### Try it:
Begin the copy at the line containing "Beautiful Serving Pitcher." in the data below and end it at the line containing "In 1931, shortly", keeping each line exact and leaving out pictures.

### Extracted data:
== == ==

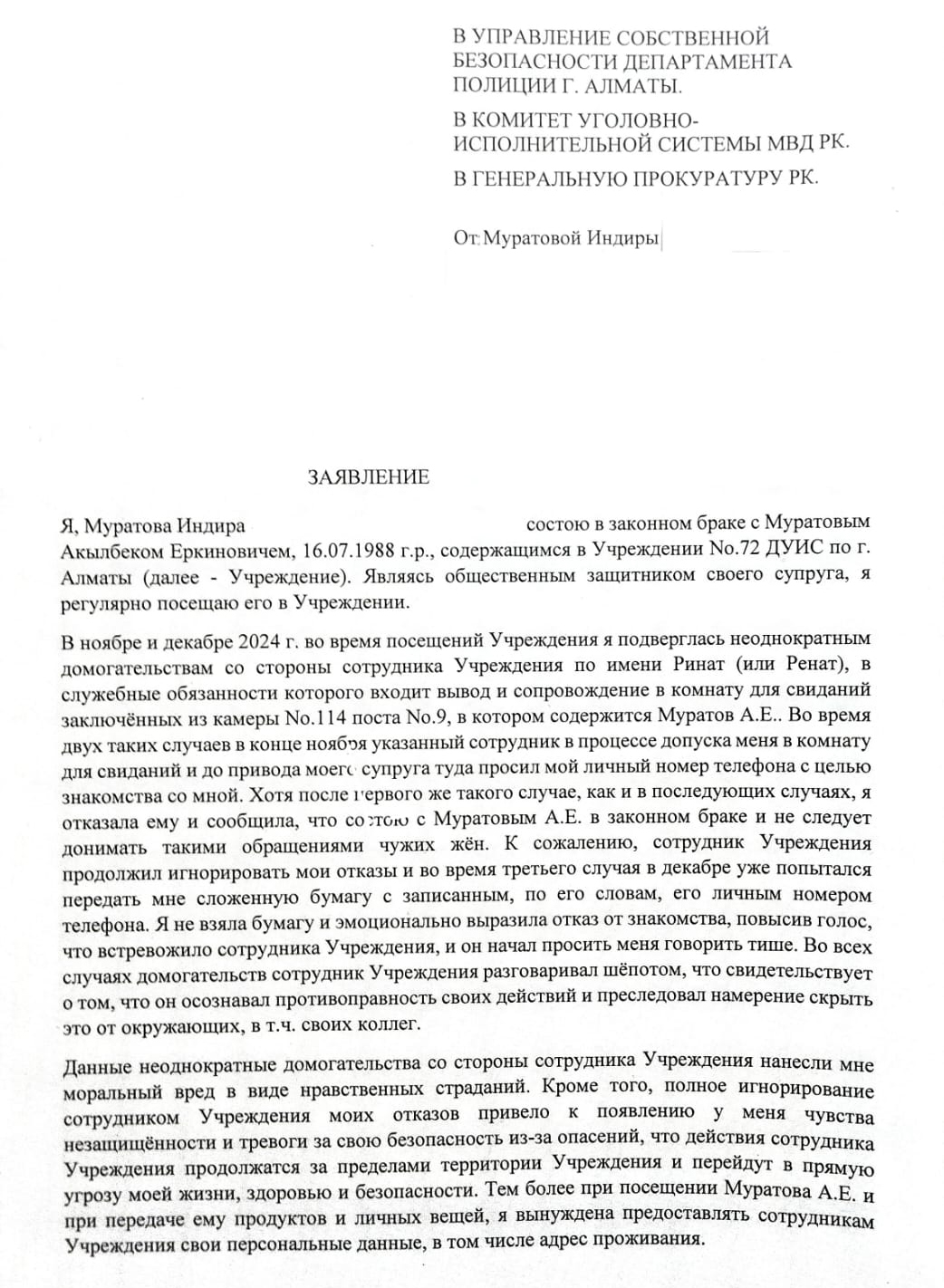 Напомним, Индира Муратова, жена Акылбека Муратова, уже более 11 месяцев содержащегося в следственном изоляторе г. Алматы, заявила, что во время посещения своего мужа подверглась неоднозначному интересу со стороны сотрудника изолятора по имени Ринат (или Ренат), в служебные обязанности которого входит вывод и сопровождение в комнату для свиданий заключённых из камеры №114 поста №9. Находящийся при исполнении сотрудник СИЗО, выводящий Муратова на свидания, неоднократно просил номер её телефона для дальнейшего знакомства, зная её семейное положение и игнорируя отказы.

== == ==

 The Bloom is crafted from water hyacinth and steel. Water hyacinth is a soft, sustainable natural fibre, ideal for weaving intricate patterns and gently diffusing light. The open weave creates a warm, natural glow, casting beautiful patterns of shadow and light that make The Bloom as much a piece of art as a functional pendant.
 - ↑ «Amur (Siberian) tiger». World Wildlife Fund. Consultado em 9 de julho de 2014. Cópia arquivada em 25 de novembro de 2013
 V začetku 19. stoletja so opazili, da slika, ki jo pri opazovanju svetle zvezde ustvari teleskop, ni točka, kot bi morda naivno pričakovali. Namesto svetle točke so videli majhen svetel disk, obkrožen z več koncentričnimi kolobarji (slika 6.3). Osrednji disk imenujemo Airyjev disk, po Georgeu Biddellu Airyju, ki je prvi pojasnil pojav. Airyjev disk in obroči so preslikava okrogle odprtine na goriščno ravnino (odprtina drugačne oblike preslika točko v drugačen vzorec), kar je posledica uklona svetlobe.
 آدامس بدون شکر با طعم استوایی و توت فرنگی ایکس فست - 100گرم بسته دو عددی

== == ==

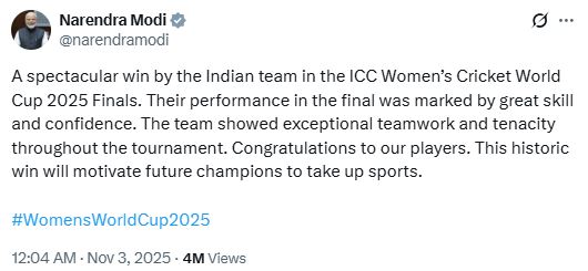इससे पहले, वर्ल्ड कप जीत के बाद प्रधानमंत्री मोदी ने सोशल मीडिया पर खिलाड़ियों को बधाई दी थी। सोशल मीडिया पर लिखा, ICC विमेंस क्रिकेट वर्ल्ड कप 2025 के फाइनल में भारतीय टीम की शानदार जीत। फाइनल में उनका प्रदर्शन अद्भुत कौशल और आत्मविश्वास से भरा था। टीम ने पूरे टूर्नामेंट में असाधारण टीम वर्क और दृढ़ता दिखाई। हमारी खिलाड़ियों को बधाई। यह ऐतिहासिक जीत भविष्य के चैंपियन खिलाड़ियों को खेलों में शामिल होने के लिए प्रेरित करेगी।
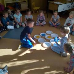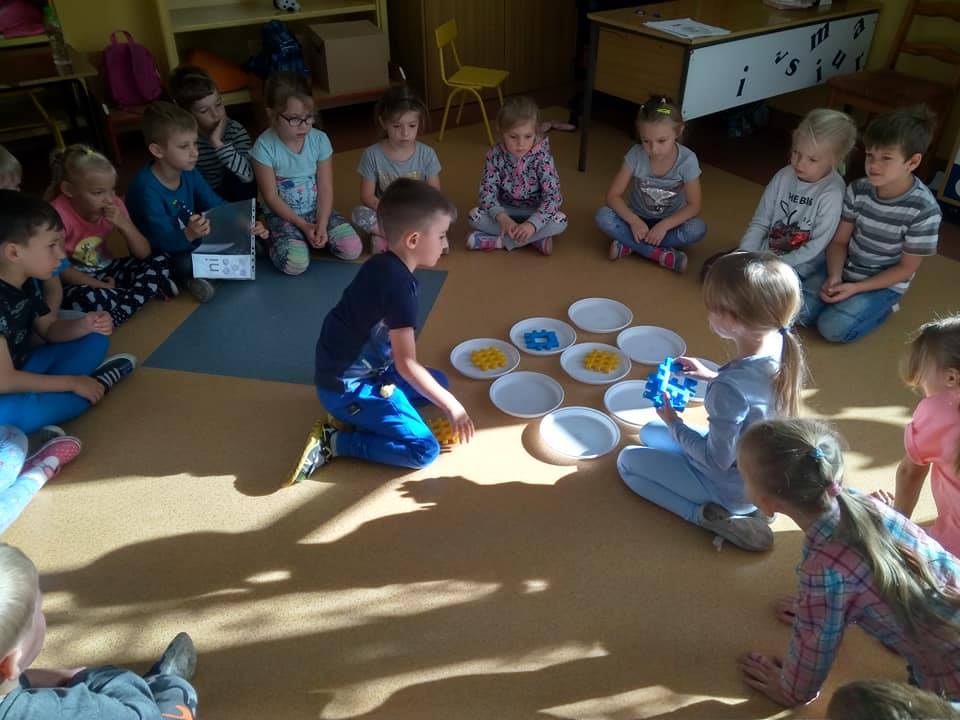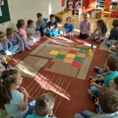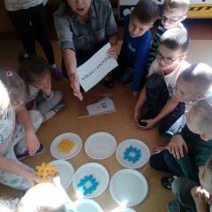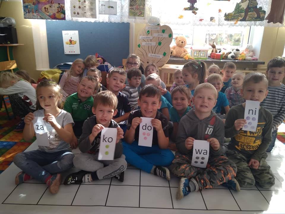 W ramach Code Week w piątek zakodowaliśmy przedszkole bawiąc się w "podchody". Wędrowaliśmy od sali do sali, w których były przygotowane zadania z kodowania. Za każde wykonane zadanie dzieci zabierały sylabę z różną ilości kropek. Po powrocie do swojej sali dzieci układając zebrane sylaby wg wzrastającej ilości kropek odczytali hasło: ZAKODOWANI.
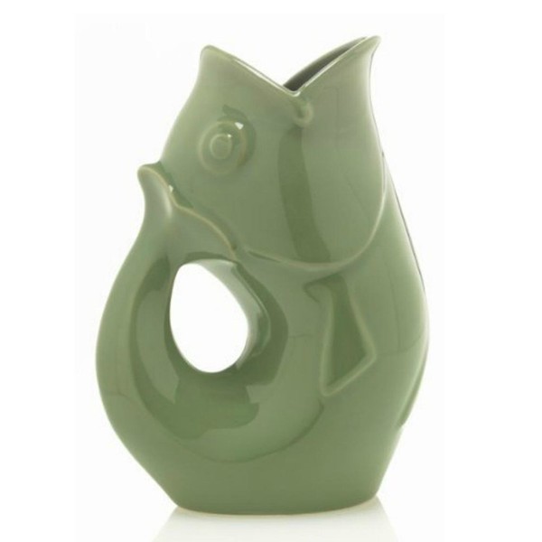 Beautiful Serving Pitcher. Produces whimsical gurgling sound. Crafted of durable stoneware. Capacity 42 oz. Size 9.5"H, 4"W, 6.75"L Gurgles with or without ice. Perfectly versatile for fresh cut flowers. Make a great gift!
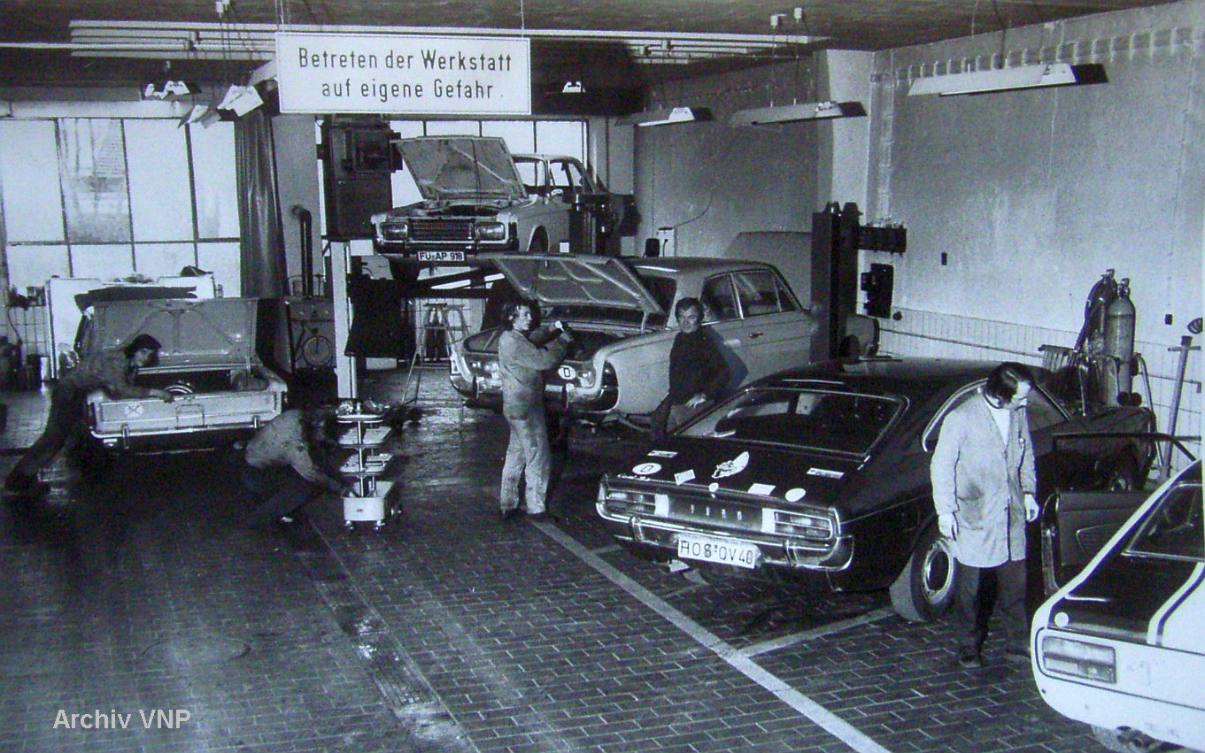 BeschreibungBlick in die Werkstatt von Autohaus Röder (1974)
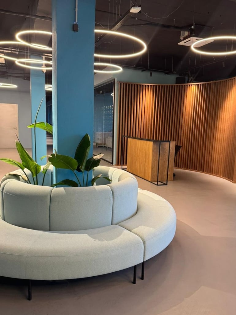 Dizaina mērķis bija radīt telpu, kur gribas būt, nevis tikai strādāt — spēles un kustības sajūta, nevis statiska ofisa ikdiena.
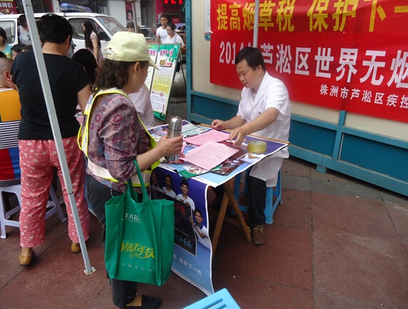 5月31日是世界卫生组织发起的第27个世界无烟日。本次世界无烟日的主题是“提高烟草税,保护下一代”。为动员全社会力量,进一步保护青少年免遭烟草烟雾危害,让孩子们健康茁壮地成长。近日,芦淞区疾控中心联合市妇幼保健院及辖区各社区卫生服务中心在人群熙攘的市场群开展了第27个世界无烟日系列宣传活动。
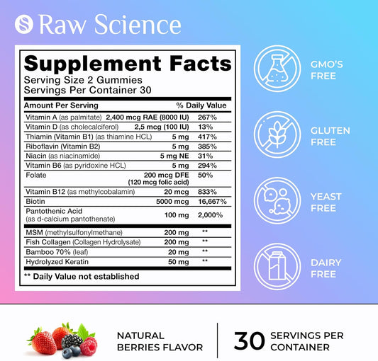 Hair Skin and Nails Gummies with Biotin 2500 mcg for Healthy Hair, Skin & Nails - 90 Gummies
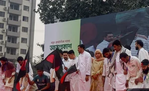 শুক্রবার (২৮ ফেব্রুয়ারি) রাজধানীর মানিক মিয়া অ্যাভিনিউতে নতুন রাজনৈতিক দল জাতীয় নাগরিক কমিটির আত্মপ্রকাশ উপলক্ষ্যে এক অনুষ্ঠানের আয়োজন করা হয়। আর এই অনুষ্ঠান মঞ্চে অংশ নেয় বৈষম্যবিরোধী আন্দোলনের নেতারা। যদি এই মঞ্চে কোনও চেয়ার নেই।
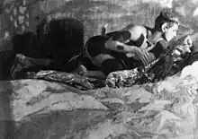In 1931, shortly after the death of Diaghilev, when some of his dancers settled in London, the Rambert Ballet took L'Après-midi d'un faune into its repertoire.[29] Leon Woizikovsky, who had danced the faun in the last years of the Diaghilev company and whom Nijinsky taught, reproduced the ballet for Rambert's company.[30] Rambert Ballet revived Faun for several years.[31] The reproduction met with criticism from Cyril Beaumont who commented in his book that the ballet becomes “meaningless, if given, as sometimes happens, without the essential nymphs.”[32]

== == ==

### Result below:
 Beautiful Serving Pitcher. Produces whimsical gurgling sound. Crafted of durable stoneware. Capacity 42 oz. Size 9.5"H, 4"W, 6.75"L Gurgles with or without ice. Perfectly versatile for fresh cut flowers. Make a great gift!
 BeschreibungBlick in die Werkstatt von Autohaus Röder (1974)
 Dizaina mērķis bija radīt telpu, kur gribas būt, nevis tikai strādāt — spēles un kustības sajūta, nevis statiska ofisa ikdiena.
 5月31日是世界卫生组织发起的第27个世界无烟日。本次世界无烟日的主题是“提高烟草税,保护下一代”。为动员全社会力量,进一步保护青少年免遭烟草烟雾危害,让孩子们健康茁壮地成长。近日,芦淞区疾控中心联合市妇幼保健院及辖区各社区卫生服务中心在人群熙攘的市场群开展了第27个世界无烟日系列宣传活动。
 Hair Skin and Nails Gummies with Biotin 2500 mcg for Healthy Hair, Skin & Nails - 90 Gummies
 শুক্রবার (২৮ ফেব্রুয়ারি) রাজধানীর মানিক মিয়া অ্যাভিনিউতে নতুন রাজনৈতিক দল জাতীয় নাগরিক কমিটির আত্মপ্রকাশ উপলক্ষ্যে এক অনুষ্ঠানের আয়োজন করা হয়। আর এই অনুষ্ঠান মঞ্চে অংশ নেয় বৈষম্যবিরোধী আন্দোলনের নেতারা। যদি এই মঞ্চে কোনও চেয়ার নেই।
In 1931, shortly after the death of Diaghilev, when some of his dancers settled in London, the Rambert Ballet took L'Après-midi d'un faune into its repertoire.[29] Leon Woizikovsky, who had danced the faun in the last years of the Diaghilev company and whom Nijinsky taught, reproduced the ballet for Rambert's company.[30] Rambert Ballet revived Faun for several years.[31] The reproduction met with criticism from Cyril Beaumont who commented in his book that the ballet becomes “meaningless, if given, as sometimes happens, without the essential nymphs.”[32]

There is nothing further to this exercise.